As we defined it, ambiguity is a property of a grammar, rather than of the language of that grammar. (Do you see the subtle difference?) Some languages that are generated by an ambiguous grammar might also be generated by an unambiguous grammar. In fact: if you are designing a compiler / interpreter for a programming language, you might start by designing the grammar for that language to parse the syntax, and if you’re unlucky, your grammar might be ambiguous (it is very easy to design an ambiguous grammar by mistake).

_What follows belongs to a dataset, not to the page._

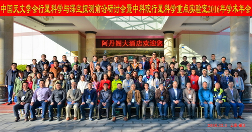 2016年11月30日-12月2日,“中国天文学会行星科学与深空探测前沿研讨会暨中科院行星科学重点实验室2016年学术年会”在云南丽江顺利召开。此次会议由中国天文学会行星专业委员会与中科院行星科学重点实验室主办、由中科院紫金山天文台承办,云南天文台协办。来自英国 Exeter大学、南京大学、北京大学、中国地质大学(武汉)、澳门科技大学、中科院国家空间科学中心、紫金山天文台、上海天文台、国家天文台、云南天文台、中国空间技术研究院及北京航天飞行控制中心等23家单位,100多位代表参加了会议。

But then, you would likely try to introduce precedence rules (among other modifications) to make your grammar unambiguous.
However: there are some languages which are inherently ambiguous. (We saw that English is one.)
Ambiguity Examples
Consider the following grammar (with EXPR being the start variable):
\[\begin{align} EXPR \rightarrow EXPR + EXPR | EXPR \times EXPR | (EXPR) | a \end{align}\]The string $a + a \times a$ is generated ambiguously.

Let’s introduce some precedence rules:
- Parentheses should bind most tightly.
- Then multiplication.
- Then addition.
How would this look in a grammar?
\[\begin{align} EXPR &\rightarrow EXPR + TERM | TERM \\ TERM &\rightarrow TERM \times FACTOR | FACTOR \\ FACTOR &\rightarrow (EXPR) | a \end{align}\]What does the parse tree for $a + a \times a$ look like here?